Universities and funding bodies are urged to find better ways of working with graduate-rich small and medium-sized businesses in the CDIT industries and to prioritise technology-heavy CDIT programmes. By taking a more interdisciplinary approach and working more closely with business, universities can provide high-quality graduates with a range of work skills and the flexibility and knowledge to remain innovative throughout their careers.
The report also calls on business to play its part in developing graduates capable of leading the UK’s CDIT industries. It calls on employers to collaborate closely with the universities that supply them. It also proposes that industry bodies should promote volunteer schemes through which professionals can work with students and help them develop the employability skills they need for the CDIT jobs market.
Farm businesses: research for new products, technologies and management practices
The NFU represents 55,000 farm businesses in England and Wales involving an estimated 155,000 farmers, managers and partners in the business, plus 55,000 ‘Countryside’ members with an interest in farming and rural issues. The NFU’s key concerns are as follows:
It is vital that scientists with the motivation and skills needed to take discoveries through to application are recognised and rewarded in the same way as those doing fundamental research. It also needs to facilitate the close relationship between groups of scientists and/or whole institutes and the industry sectors their research is relevant to, such that business can readily identify them as centres of excellence and genuine knowledge exchange is achieved.
If this is effective, their research will be driven by the challenges faced by farming in the 21st century, that is, being more efficient, productive and resilient, at the same time as delivering public goods and reducing impact on the environment, in the context of climate change pressures. This should be as true for basic research as for applied, just that the timescales are different. The way agricultural businesses are linked in to the land grant colleges and research centres in the US seems to be a valuable model of this.
The NFU strongly believes that for bioscience to have value for farmers there must be effective and well-resourced mechanisms and facilities for knowledge exchange. Research results must eventually be commercially practical, whether through products, technologies or management practices.
Building skills and understanding changing consumer behaviour
Social science can benefit business in numerous ways: from helping to set a business strategy to enhancing business operations.
Some of Britain’s biggest brands, from Royal Mail to travel company Thomson, used leading-edge social science research to better understand how changing consumer attitudes to climate change may affect their businesses.

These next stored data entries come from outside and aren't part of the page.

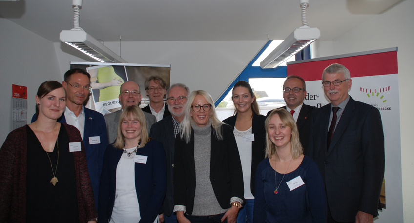 Links im Bild Süsann Püfke, Leiterin des Jugendamts Kreis Minden-Lübbecke, mit Landrat Ali Dogan, SPD, rechts im Bild Daniela Pieper, ASD Kreis Minden-Lübbecke
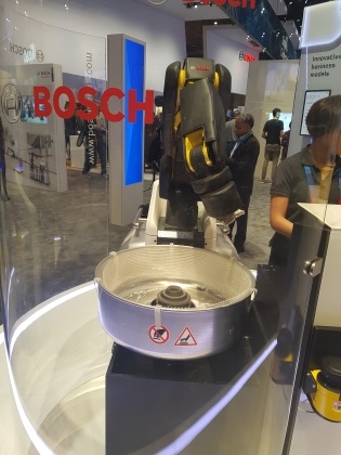 그렇게 JYMS 일행은 노스관가 센터관을 쭉 훓어 보기 시작했다. 삼성 부스도 구경을 했다. J는 작년에 왔었기에 올해도 LG가 이긴 거 같다는 이야기를 했다. 일행이 가장 많은 시간을 보낸 곳은 어처구니 없게도 보쉬의 로봇이 있는 코너였다. 가정용 로봇은 아니고 산업용 로봇이었다. 보쉬의 전략에 낚인 것일 수도 있었다. 처음 그들이 본 로봇은 솜사탕을 만들어 주고 있었다. 솜사탕이 나온다는게 신기해서 쳐다보다 로봇이 만든다는 것에 더 놀라웠다. 그러고 이동을 하려고 했으나 마지막 즈음에 주문을 받아서 커피를 타주는 로봇에 재차 낚였다. 거기서 가장 많은 시간을 보냈다. S는 직접 주문을 하기도 했다. 주문하는 곳에 이름을 적고 완료 버튼을 누르면 로봇이 컵을 가져와 서 프린터 앞에서 주문자가 쓴 이름을 프린트하고 커피 머신의 커피가 내려오는 곳에 놓았다. 그리고는 머신으로 커피가 내려오도록 한 다음 다 내려오면 그 컵을 옆에 있는 완료 지점에 위치 시켰다. 그러면 사람이 그 컵을 다시 구경꾼이 있는 테이블위이 올려주면 주문한 사람이 찾아가는 그런 구조였다. 그 산업용 로봇의 핵심 기능 중에 하나로 보쉬는 인간과의 자연스러운 협업이 가능하다는 것을 강조 했기에 사람을 억지로 끼워 넣은 것처럼 보였다. 실상 그 로봇은 사람 없이도 주문자가 있는 테이블에 컵을 가져다 놓을 수 있었기 때문이다. 대체로 그러하듯 JYMS 일행은 모두 일자리가 없어지는 우울한 미래를 상상했다. 우리는 무엇을 해야 할까? 우리의 아이들은 어떤 세상에 살게 될까, 라는 생각을 하면서 나머지 것들을 구경했다.
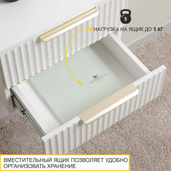 • Тумба оснащена вместительными выдвижными ящиками, что позволяет удобно организовать хранение важных предметов.
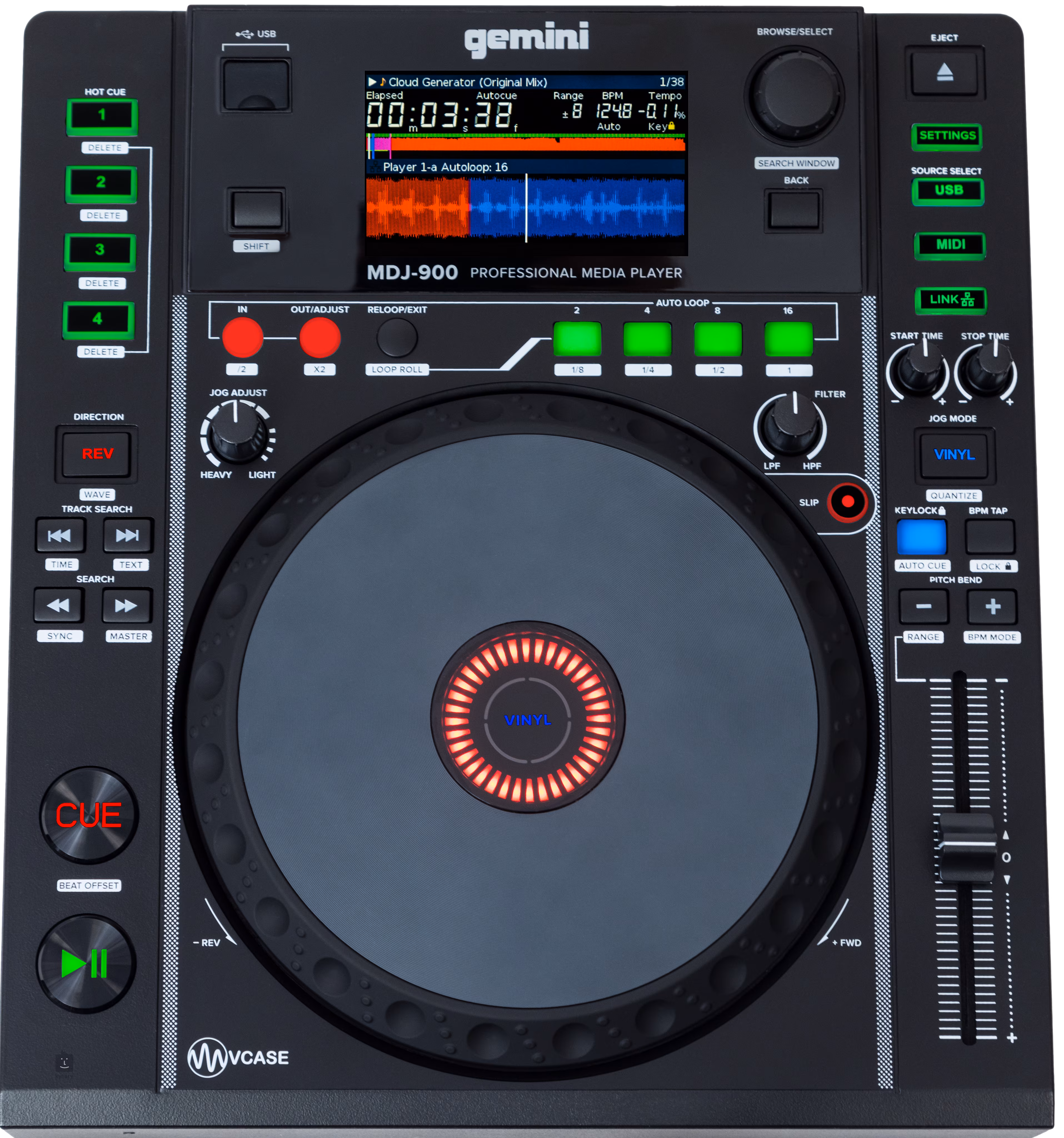 A GeminiMDJ-900 egy professzionális USB médialejátszó, amely kompakt és modern kialakításban, külső szoftver nélkül kínál széleskörű funkciókat. A maximális áttekinthetőségre és intuitív működésre tervezett eszköz ideális azoknak a DJ-knek, akik gyorsan, pontosan és saját stílusukra helyezve a hangsúlyt szeretnék elkészíteni mixeiket. A Link és Sync funkciókkal akár 4 MDJ-900 egységet is összekapcsolhat, szinkronizálhatja a BPM-eket és megoszthatja a könyvtárakat, így valós időben készíthet komplex szetteket.
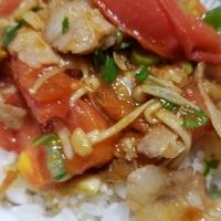 ちょっと加熱しすぎてトマト崩れちゃいました笑
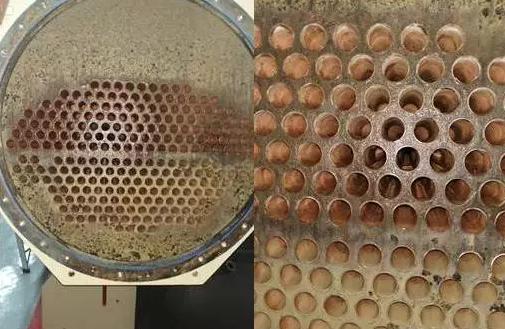 冷凝器內(nèi)制冷劑溫度一般在65℃以上,雖然冷卻水在進出冷凝器時整體的最高溫度不超過35℃,但在冷凝器換熱單元中靠近65℃以上制冷劑的局部冷卻水由于溫度較高,會產(chǎn)生水垢等增加換熱熱阻,影響冷機的負(fù)載率 |
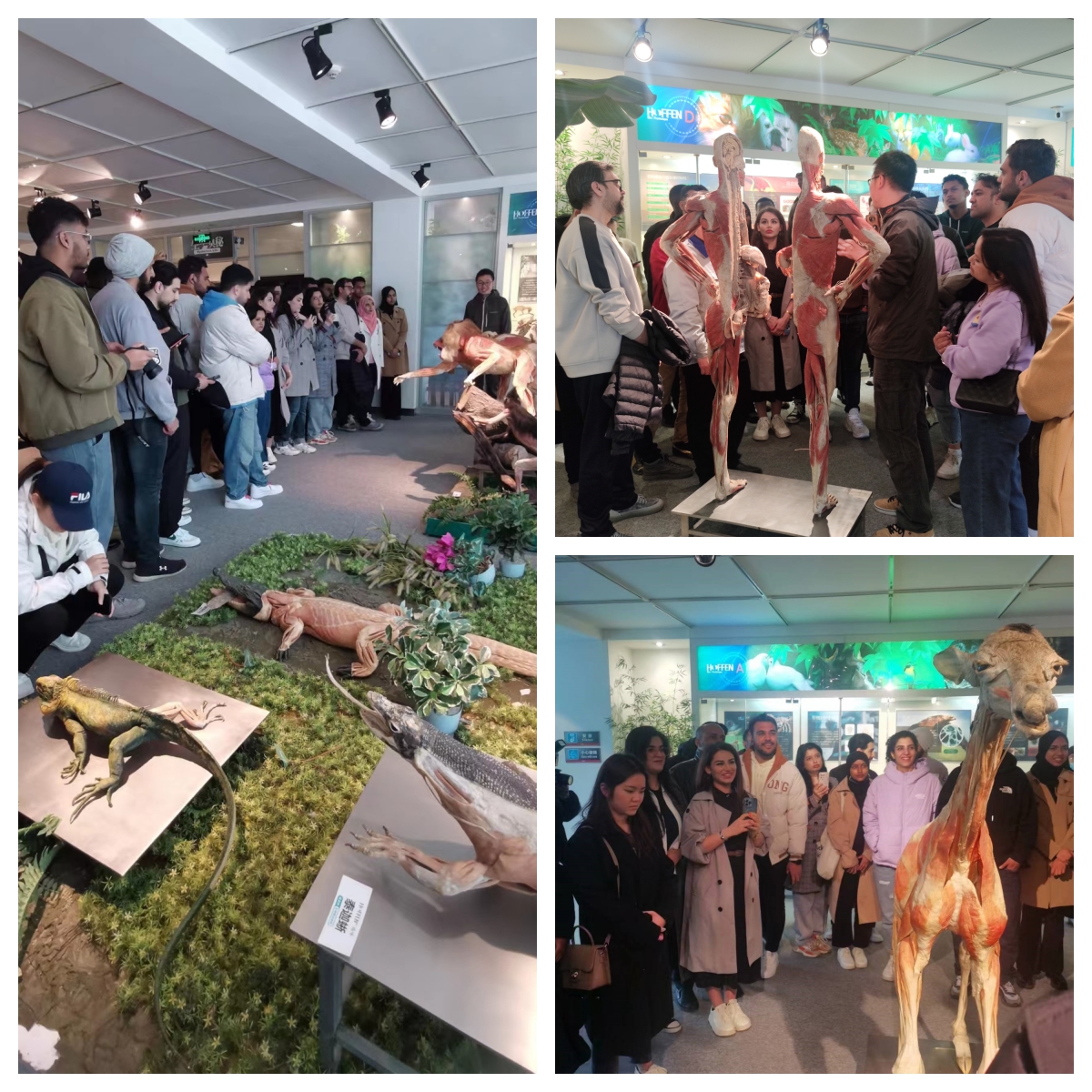 在工作人员的引导下,同学们先后参观了海洋动物展厅、陆地脊椎动物展厅和生命健康展厅。跟随讲解员的介绍,同学们近距离观察了鲸豚、穿山甲、长颈鹿等各种生物的内部构造和器官,这些来源于真实世界的标本通过先进的生物塑化技术让生命以另一种方式得到了延续,令同学们惊叹不已。通过近距离观察人体结构,同学们对人体解剖学有了更直观的理解,为接下来的医学学习奠定了坚实基础。
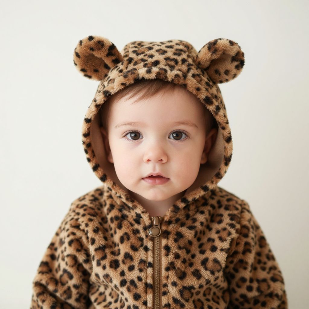 Photograph of a fair-skinned baby with blue eyes, wearing an orange knit bear-eared hat and matching orange puffy jacket, set against a
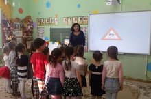 Балаларга куркынычсызлык кагыйдәләрен өйрәтүдә яңа технологияләр кулланып эшләү яхшы нәтиҗәләр бирә. Сыйфатлы, ачык итеп эшләнгән рәсемнәр баланың игътибарын җәлеп итә, бирелгән мәгълүматны истә калдырырга ярдәм итә. Икенче кечкенәләр төркемендә “Сак булыгыз!” дип исемләнгән танып белү эшчәнлегендә балалар әйләнә - тирәлектә бала тормышы өчен куркыныч булган әйберләр белән таныштылар.
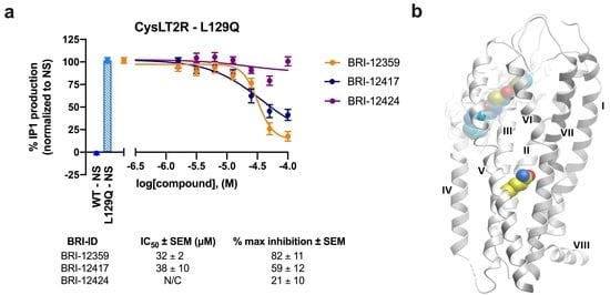 Given the efficient antagonism of the novel BRI-12359, BRI-12417 and BRI-12424 compounds, we hypothesized that these compounds might also inhibit receptor signaling at constitutively active CysLTR mutants, thereby acting as inverse agonists. This effect would be particularly interesting in the case of the L129Q CysLT2R mutant identified in uveal melanoma patients [,,,]. We tested these three compounds in the functional IP1 assay using cells transiently expressing the L129Q CysLT2R mutant, directly stimulated with a range of compound concentrations (1.6 to 100 μM). As can be seen in Figure 5, the IP1 accumulation caused by signaling of the constitutively active CysLT2R L129Q mutant was reduced in cells stimulated with BRI-12359 and BRI-12417. This reduction was concentration-dependent, with potencies (IC50) in the 30 to 40 μM range, where BRI-12359 shows practically full inhibition of the IP1 production by CysLT2R L129Q mutant at a 100 μM concentration.
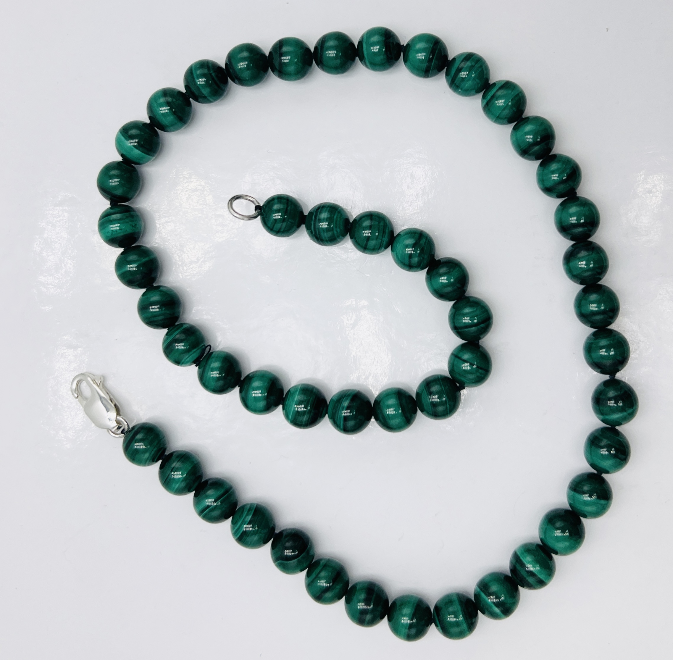 Sterling Silver Clasp 17″ 8mm Malachite Bead Necklace
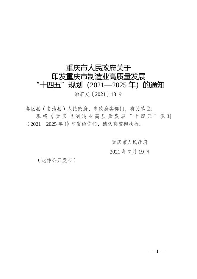 重庆市人民政府关于印发重庆市制造业高质量发展“十四五”规划(2021—2025年)的通知.doc
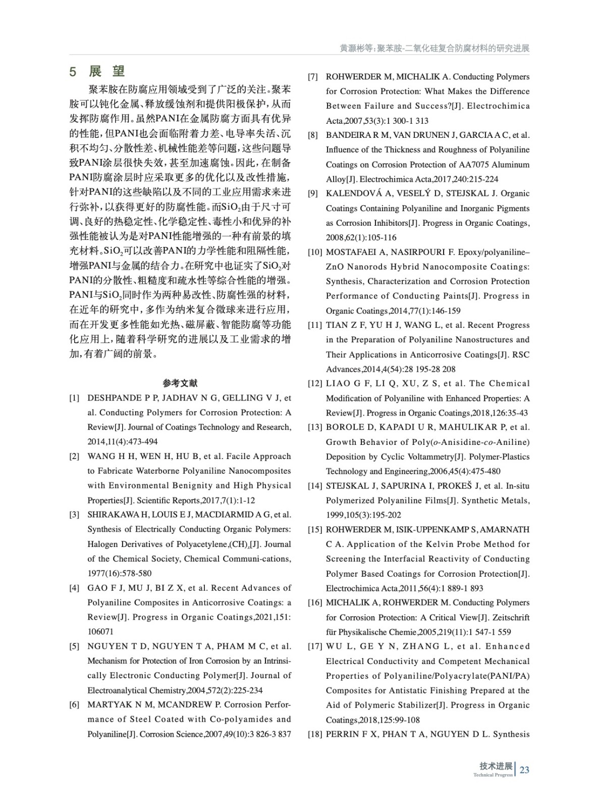 聚苯胺-二氧化硅復(fù)合防腐材料的研究進(jìn)展
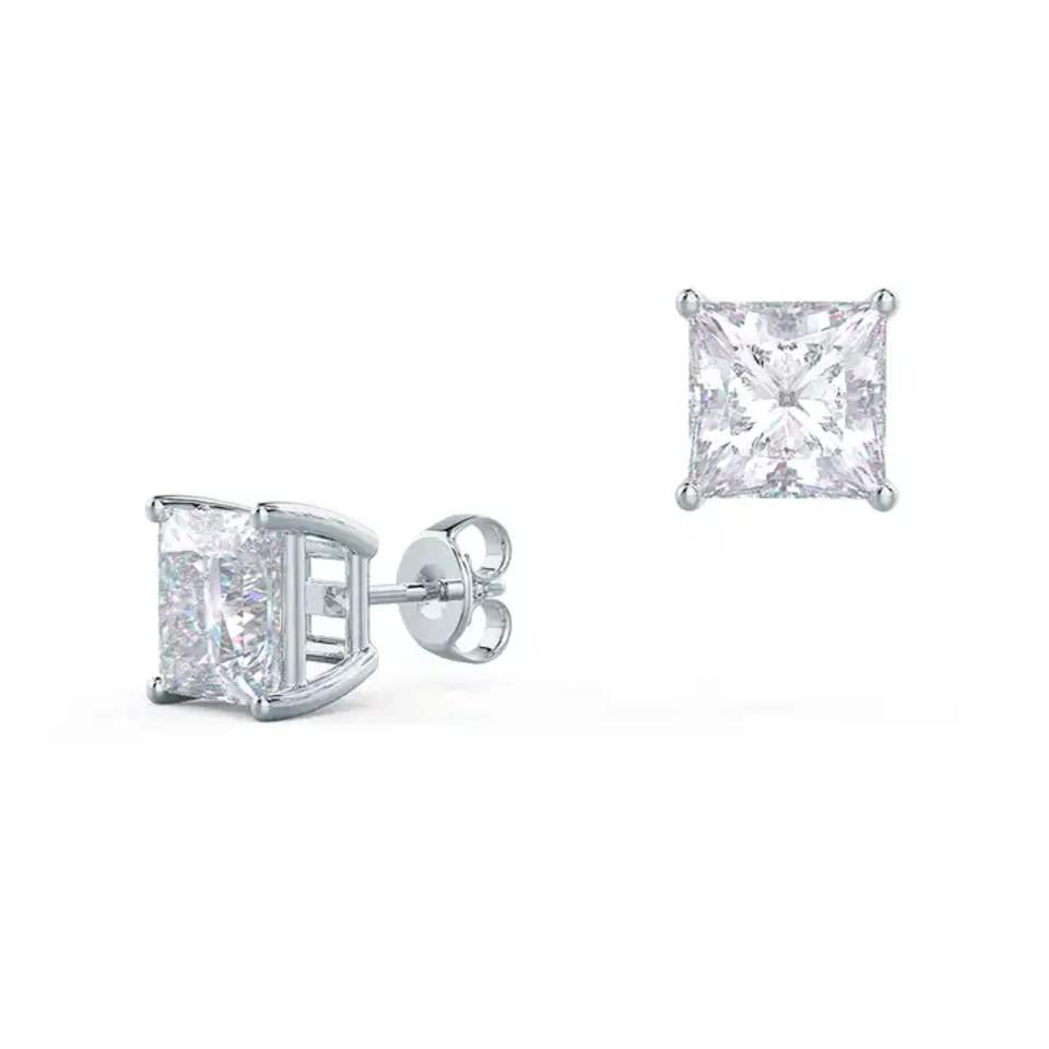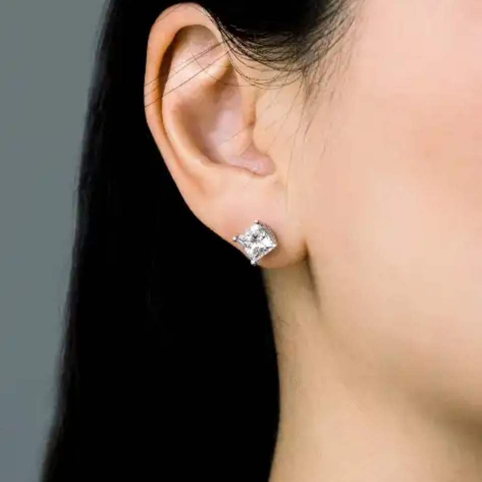 Princess Cut Lab Grown Diamond Stud Earring Man Made Diamond VVS Clarity DEF Color 18K Gold Diamond Earring.
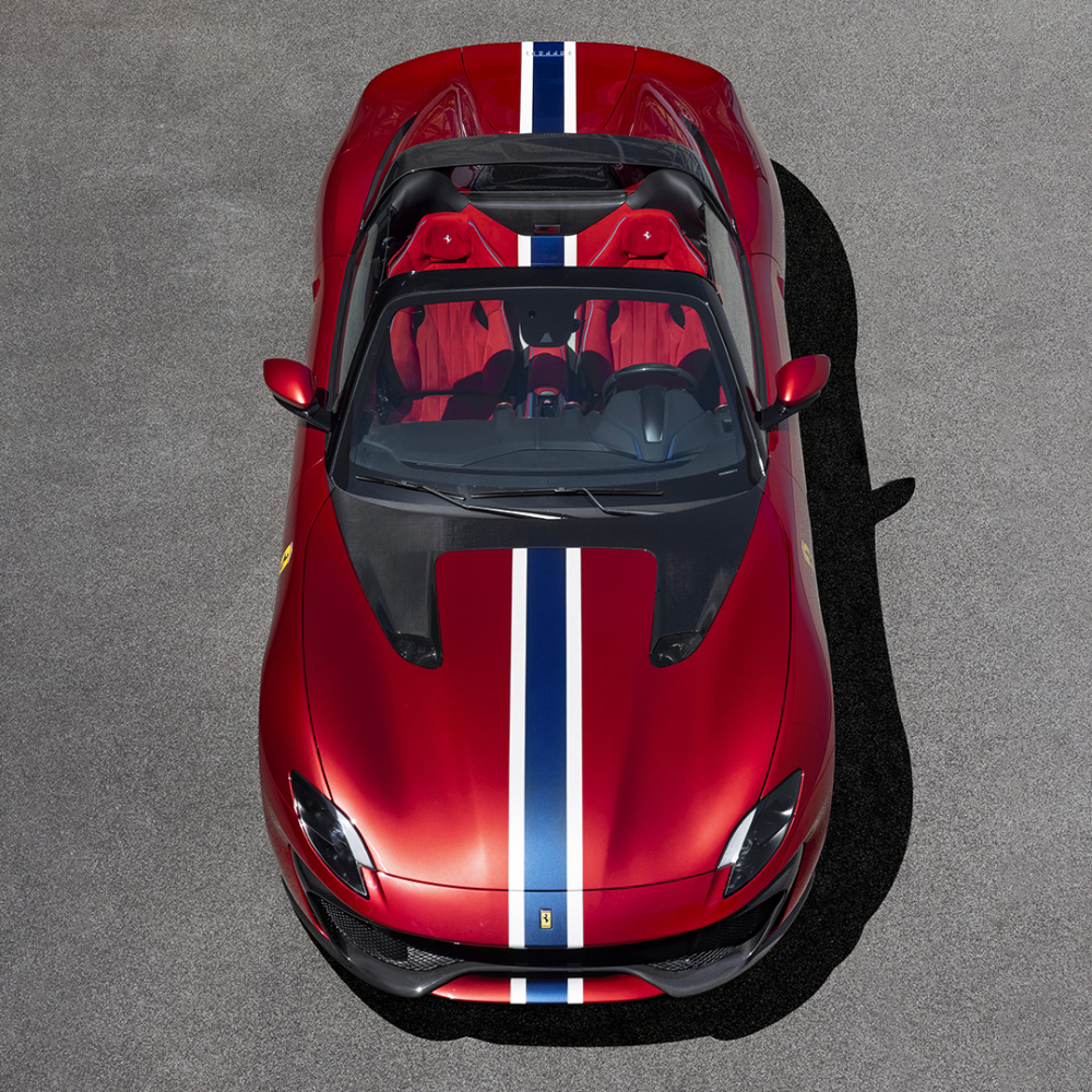 Ai cũng biết, Ferrari 812 GTS là một chiếc siêu xe mui trần có phần mái nhà chỉ mất 14 giây là đóng hoặc mở mui rất tiện lợi nhưng để trở thành 1 chiếc Ferrari one-off, chủ xe và bộ phận Ferrari Special Projects đã thống nhất cắt bỏ đi phần mui xếp cứng, điều này có thể khiến chủ xe gặp khó khăn khi lái xe ra đường mà thời tiết bất chợt đổ mưa hay gió mạnh có thể khiến các vật thể lạ và bụi bẩn bám chặt khoang lái.
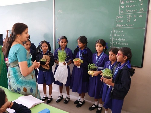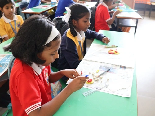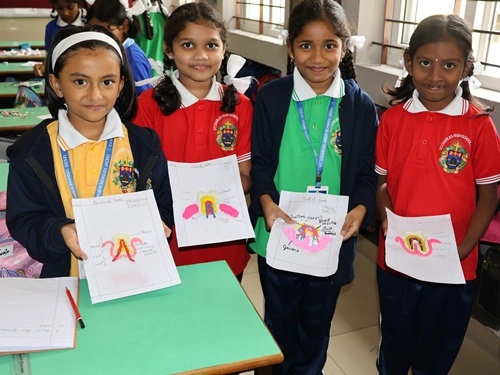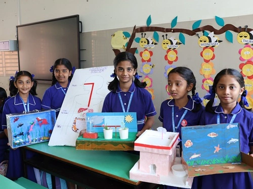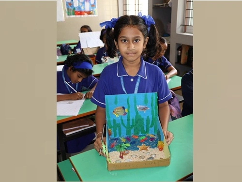 At our school, learning goes beyond rote memorisation and textbook teaching. Students are encouraged to learn by doing through class projects, activities, and enactments that allow them to explore concepts firsthand. These experiences help children connect learning to real life while nurturing creativity, confidence, and critical thinking. Students are also assessed for their participation, originality, and creative expression, ensuring that learning is holistic and that children are recognised not only for memory-based knowledge but also for their skills, ideas, and imagination.

Royal Mail gained insights into consumers’ willingness to pay to recycle items such as batteries through the post, while Thomson discovered that travellers would respond positively to initiatives to help lower their carbon footprint.
The findings were made possible through research collaboration between a consultancy firm – Future Foundation – and the ESRC Centre for Business Relationships, Accountability, Sustainability and Society at Cardiff University.
On an operations level, social science has enhanced the project management skills of over 450 business practitioners. In Birmingham, social science research helped businesses with strategy implementation through effective project management. The Centre for Project Management Practice at Aston University brought together project management practitioners and researchers. In two years, the centre has helped 450 contacts in over 170 businesses and organisations improve their project management skills and techniques through seminars, mini-exchange placements and social science research.
Industry collaboration
Entrepreneurial academics
So are there real barriers to successful collaboration between universities and business that need to be tackled? A recent study by the Advanced Institute of Management Research suggests that far from being cut off from society in the ivory towers of popular imagination, UK researchers are highly entrepreneurial (Salter et al, 2010). Furthermore, the last five years have seen academics and industry forge ever closer connections.
UK academics are competitive with their international counterparts in terms of their links with business and industry. These links are often fundamental to how they conduct their research.
But this is not the perception of UK policy-makers, who continue to urge academics to greater engagement as if little of it exists and who consequently fail to support the mechanisms for engagement that matter. According to the study, the false assumptions about the nature of academic entrepreneurship have arisen because of the way engagement is currently measured.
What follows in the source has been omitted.